(Data items)

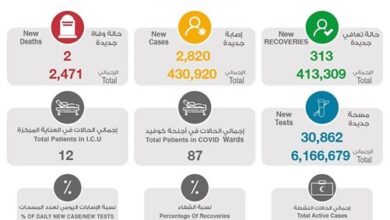 2820 إصابة جديدة بـ «كورونا» وشفاء 313 وتسجيل حالتي وفاة
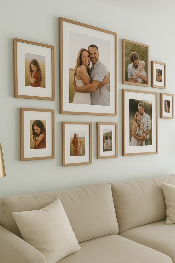 This DIY layout suits sofa walls where balance matters and emotional focus should land immediately.
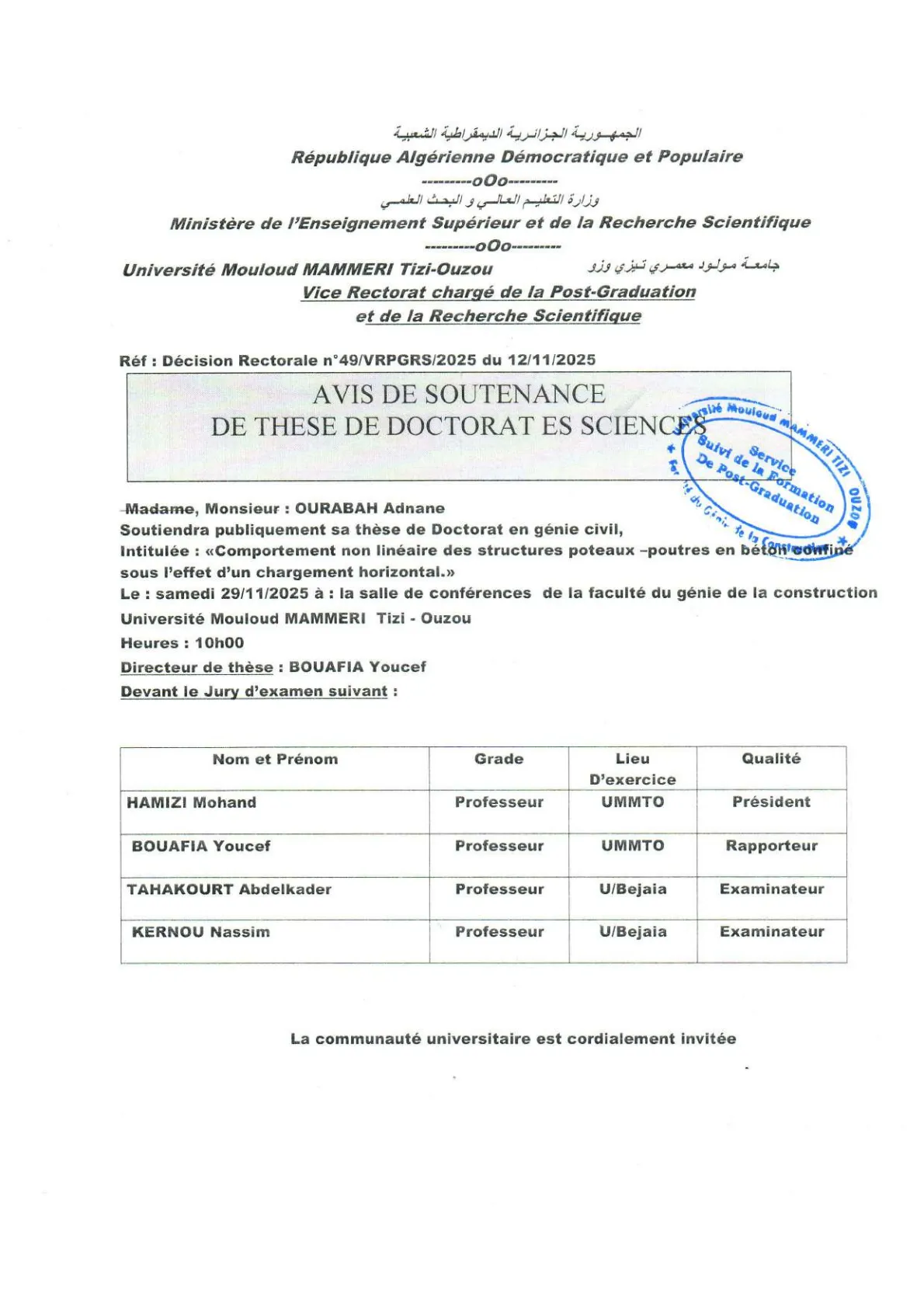 Avis de soutenance de thèse de doctorat en Génie Civil de Monsieur OURABAH Adnane
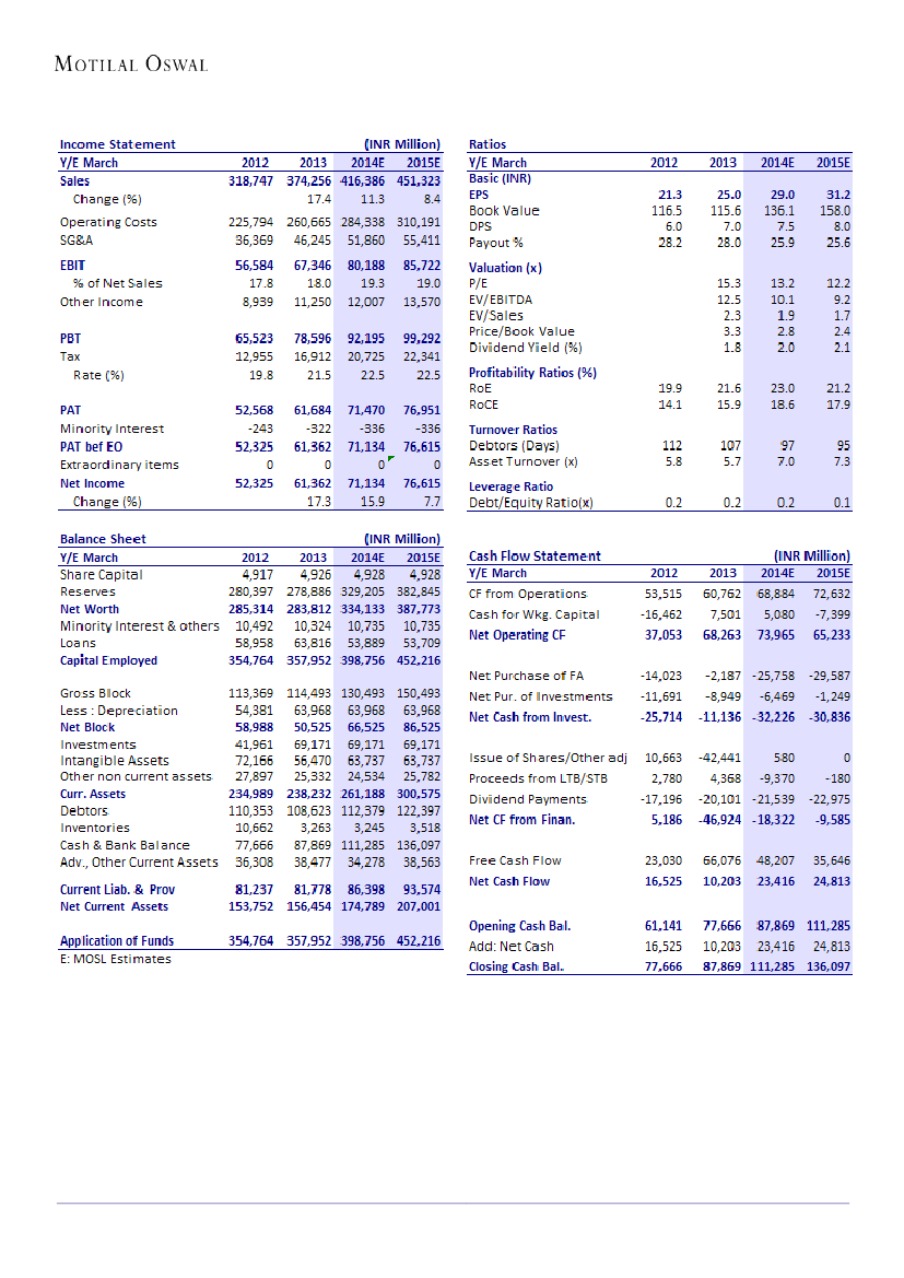 Our target price of INR470 discounts FY15E EPS by 15x, implying 23% upside.
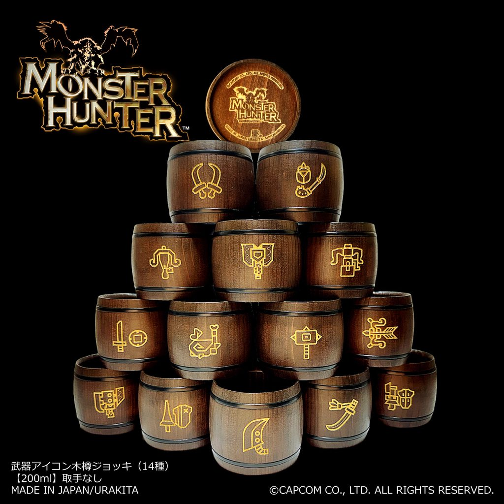 「URAKITA⼯房」與許多動漫作品合作過,舉凡《狼與辛香料》、《魔物獵人》等皆有合作,都以酒的容器為合作產品,也是品牌最自豪的商品之一。純木打造有著原木的香氣,配合啤酒喝起來有不同的風味,配上作品的雷射圖案,有種尊貴的氣息在。
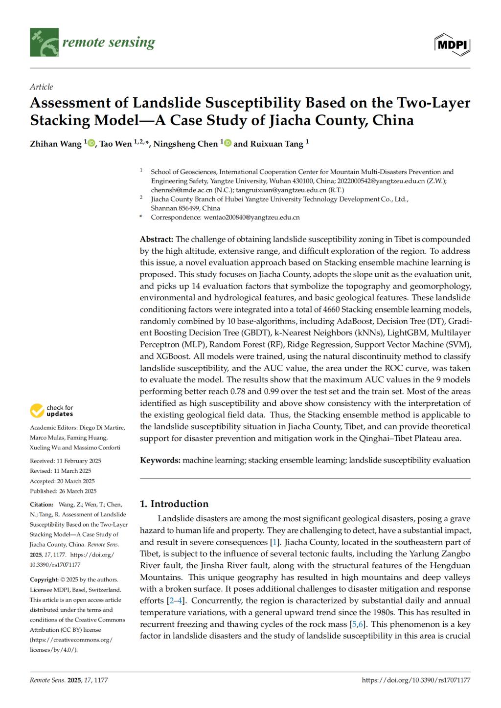 2025年年初,西瓜视频 22级本科生(在读大三)王芷含在《Remote Sensing》(最新影响因子为4.1,位列JCR分区二区,中科院期刊分区地球科学大类二区)上发表了题为《Assessment of Landslide Susceptibility Based on the Two-Layer Stacking Model—A Case Study of Jiacha County, China》的论文(图1,共24页)。全部作者均来自西瓜视频 师生,本科生王芷含为论文第一作者,其导师温韬教授为通讯作者。论文借助两层Stacking集成学习模型对滑坡易发性进行评价,以西藏山南市加查县为研究区,取得了显著成果。

Exercise brief –
The expected output is the lines above from the one containing "This DIY layout" to the one containing "Our target price", both ends included, reproduced exactly with every picture left out.

Answer box –
 This DIY layout suits sofa walls where balance matters and emotional focus should land immediately.
 Avis de soutenance de thèse de doctorat en Génie Civil de Monsieur OURABAH Adnane
 Our target price of INR470 discounts FY15E EPS by 15x, implying 23% upside.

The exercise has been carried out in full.